Compared with George W. Bush’s plan in 2005 for Americans to have “voluntary savings accounts” that would be essentially the same thing, this plan is not voluntary — it would be mandated by the government. Bush’s plan died a quick political death shortly after it was announced, and since that time, the issue of Social Security reform has not been discussed seriously by any presidential candidate.

Congress has tried to tackle the issue, and in 2010, it formed the Simpson-Bowles commission, which put together a plan (endorsed by President Obama) that would substantially cut $1.4 trillion in benefits from Social Security. In a paid private speech to investment bank Morgan Stanley, Hillary Clinton endorsed the Simpson-Bowles plan, saying it “put forth the right framework.”

In 2013, in another paid private speech — this time to the National Multi-Housing Council — Clinton referred to Social Security as an “entitlement program,” indicating that she clearly has a different view of Social Security than those middle-class Americans who need the funds to get them through their retirement.

In yet another paid speech, Clinton said, “Do we have to do something about entitlements? Yes. Do we have to figure out what we want to be as a nation and then pay for it? Yes. Do we have to restrain spending so that we don’t bankrupt ourselves and undermine our position at home and abroad? Yes.”

Even though Clinton has made public pledges not to touch Social Security, her statement to investment bank Goldman Sachs that it’s OK to have one position in public and another in private should strike fear into the hearts of anyone who wants to see their Social Security untouched. For many voters, this is the number one reason not to trust Hillary Clinton and not to vote for her.

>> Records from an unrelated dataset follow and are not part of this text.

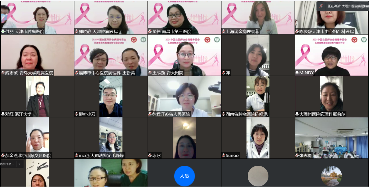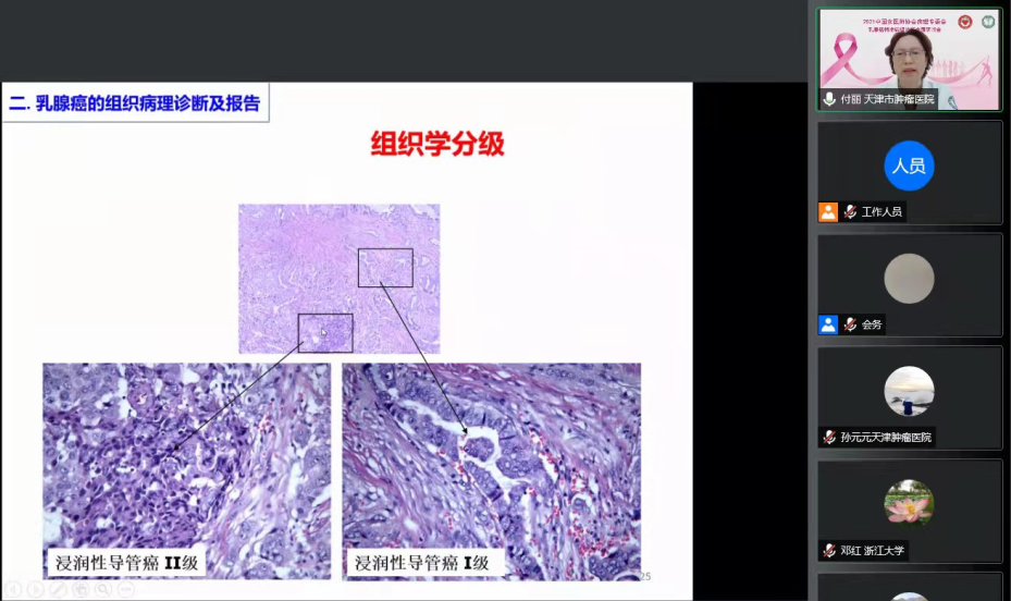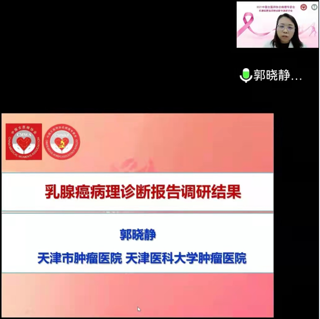 | 中国女医师协会病理专业委员会,在协会的鼎力支持下,申请获得了“我国三级甲等医院乳腺癌病理诊断现况调研”的国家继续教育项目并获得批准。项目调研过程中,共获得10余家单位病理科提交的乳腺癌(包括根治术标本、保乳手术标本、穿刺标本和冰冻标本)病理诊断报告200余份。专委会就各单位各类乳腺癌标本病理诊断报告的内容、形式进行了阅读评估和总结。为了更广泛深入地交流,在付丽主委的主持领导下,于2021年12月14日举办了线上专题研讨会。
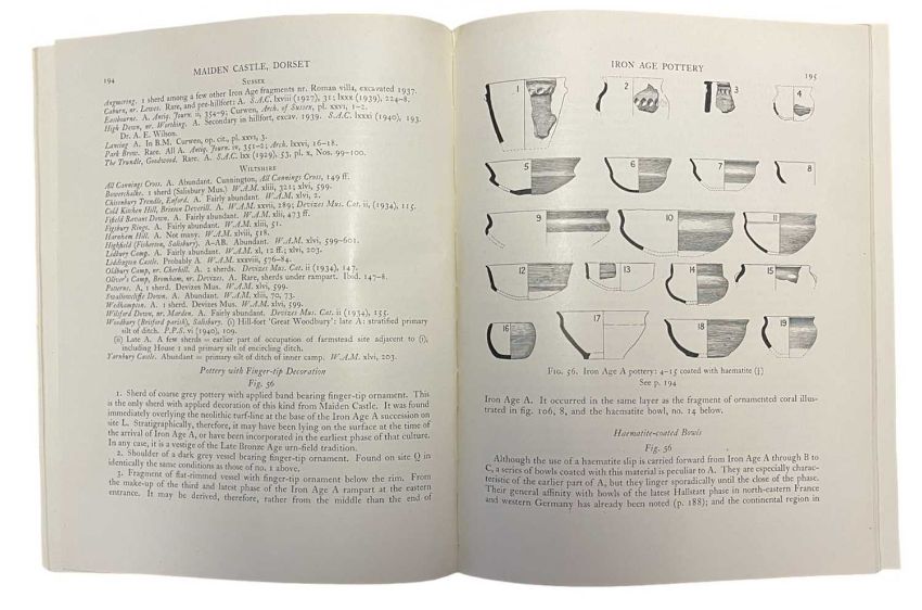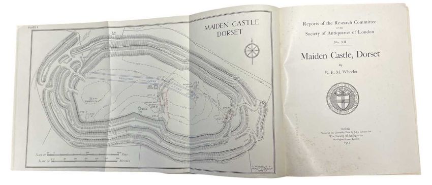 R E M WHEELER: REPORTS OF THE RESEARCH COMMITTEE OF THE SOCIETY OF ANTIQUARIES OF LONDON - NO XII - MAIDEN CASTLE DORSET, Oxford, Printed at the University Press by john Johnson foe The Society of Antiquaries, 1943.
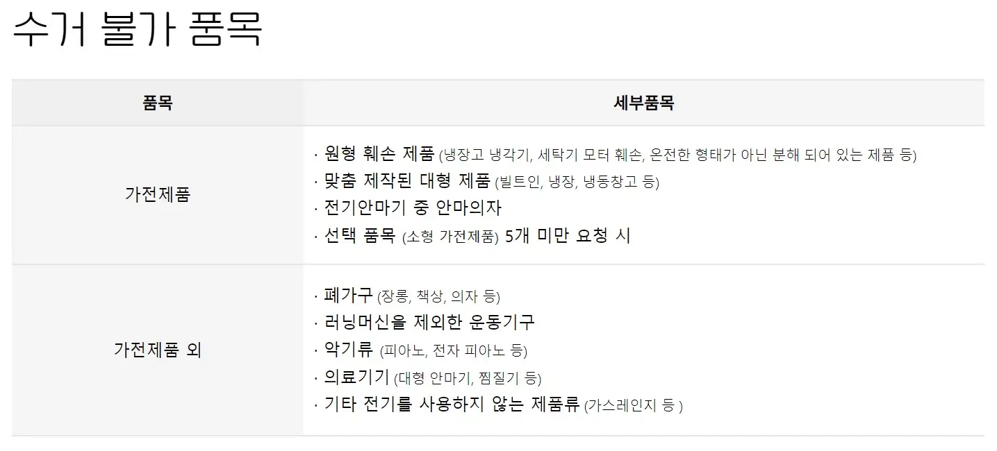 | 수거 가능한 품목 | TV, 냉장고, 세탁기 등 대형 가전 및 소형 가전 |

The Center for Economic and Policy Research says that a primary reason for the Social Security fund shortfalls is upward redistribution of the country’s wealth — a trend that’s only accelerated in recent decades as more of the nation’s income goes to the top 1 percent of earners.

Given that Hillary Clinton is supported and funded by most of those people (and is most definitely one of them), it should make sense to the average voter that those people’s interests do not coincide with those of middle-class Americans. This is one of the most important issues of this presidential race.